### To do
Every record below must be written out exactly. Leave out the pictures.

·····

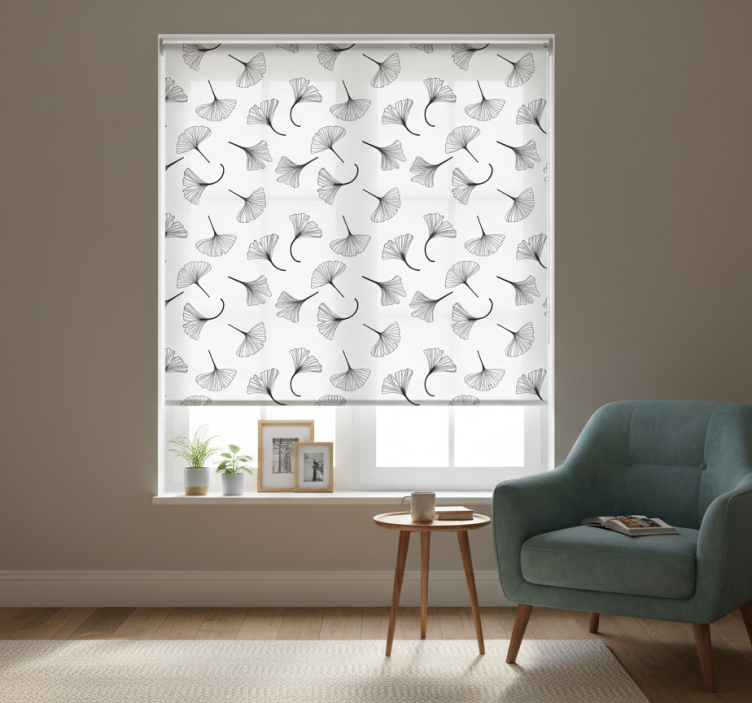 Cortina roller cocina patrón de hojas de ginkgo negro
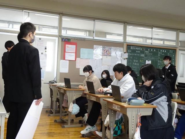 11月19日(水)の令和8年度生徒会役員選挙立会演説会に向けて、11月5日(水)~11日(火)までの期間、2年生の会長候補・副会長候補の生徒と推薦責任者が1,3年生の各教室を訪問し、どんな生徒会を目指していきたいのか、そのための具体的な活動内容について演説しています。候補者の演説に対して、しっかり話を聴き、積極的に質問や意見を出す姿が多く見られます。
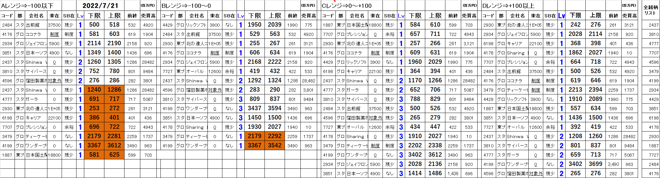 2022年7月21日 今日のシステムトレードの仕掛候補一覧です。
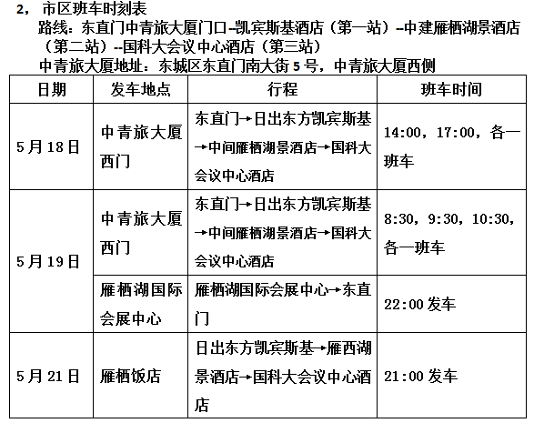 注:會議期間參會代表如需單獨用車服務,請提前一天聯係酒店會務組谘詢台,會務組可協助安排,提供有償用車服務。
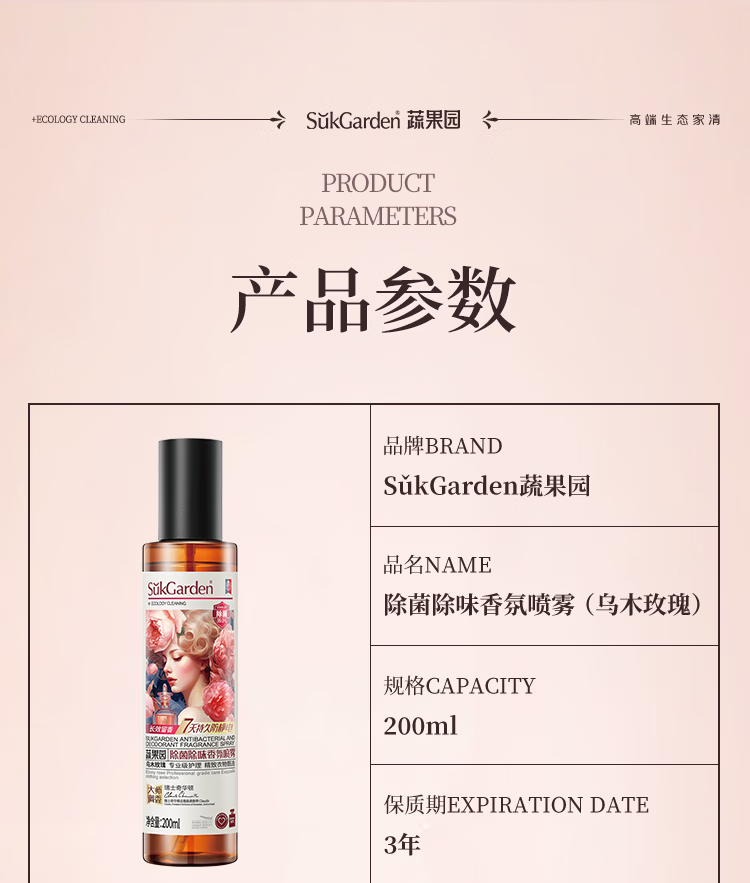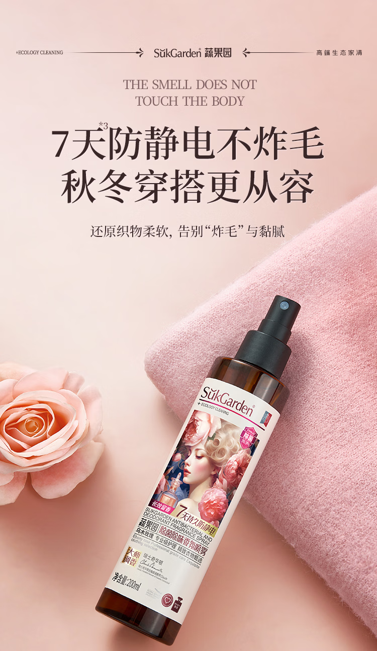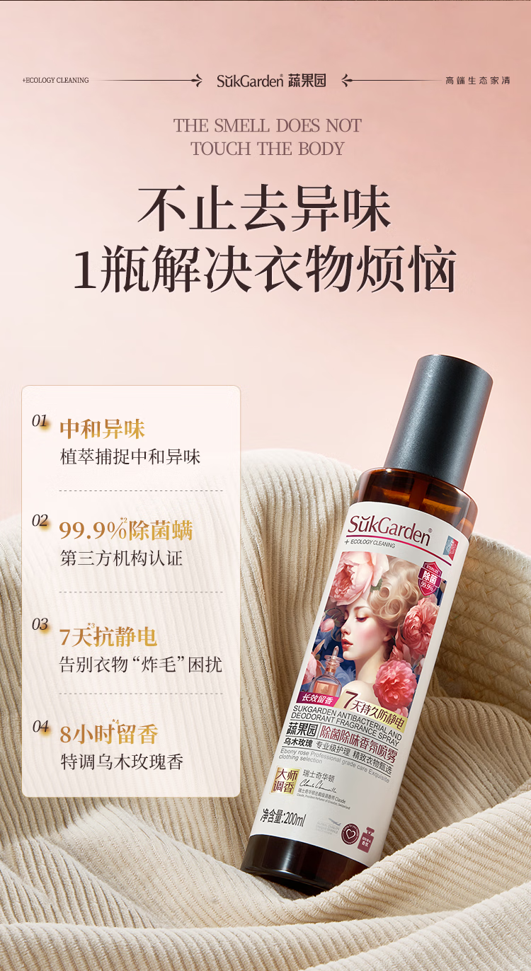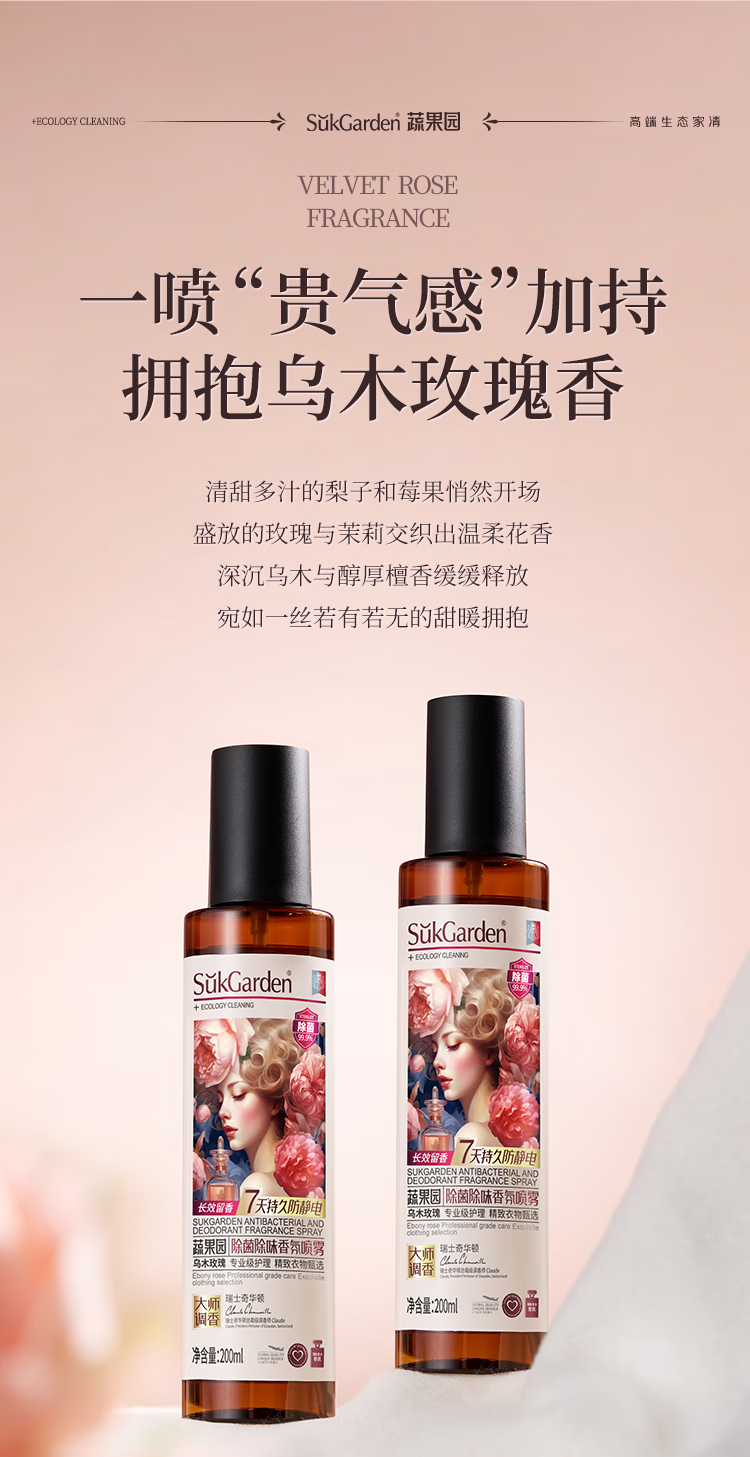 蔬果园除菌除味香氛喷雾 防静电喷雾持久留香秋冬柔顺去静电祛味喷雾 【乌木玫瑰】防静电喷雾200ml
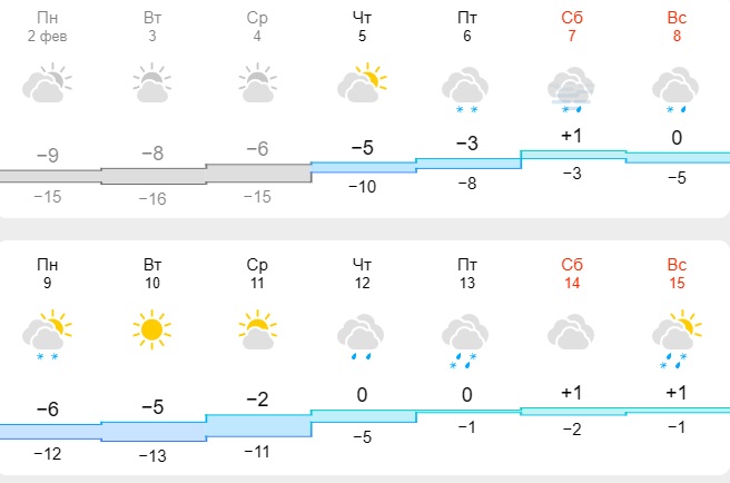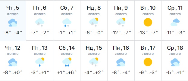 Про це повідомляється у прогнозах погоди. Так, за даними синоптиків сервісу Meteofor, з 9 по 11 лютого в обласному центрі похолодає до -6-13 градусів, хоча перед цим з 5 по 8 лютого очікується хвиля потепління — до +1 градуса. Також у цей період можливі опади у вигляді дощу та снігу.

·····

### Result of the exercise
 Cortina roller cocina patrón de hojas de ginkgo negro
 11月19日(水)の令和8年度生徒会役員選挙立会演説会に向けて、11月5日(水)~11日(火)までの期間、2年生の会長候補・副会長候補の生徒と推薦責任者が1,3年生の各教室を訪問し、どんな生徒会を目指していきたいのか、そのための具体的な活動内容について演説しています。候補者の演説に対して、しっかり話を聴き、積極的に質問や意見を出す姿が多く見られます。
 2022年7月21日 今日のシステムトレードの仕掛候補一覧です。
 注:會議期間參會代表如需單獨用車服務,請提前一天聯係酒店會務組谘詢台,會務組可協助安排,提供有償用車服務。
 蔬果园除菌除味香氛喷雾 防静电喷雾持久留香秋冬柔顺去静电祛味喷雾 【乌木玫瑰】防静电喷雾200ml
 Про це повідомляється у прогнозах погоди. Так, за даними синоптиків сервісу Meteofor, з 9 по 11 лютого в обласному центрі похолодає до -6-13 градусів, хоча перед цим з 5 по 8 лютого очікується хвиля потепління — до +1 градуса. Також у цей період можливі опади у вигляді дощу та снігу.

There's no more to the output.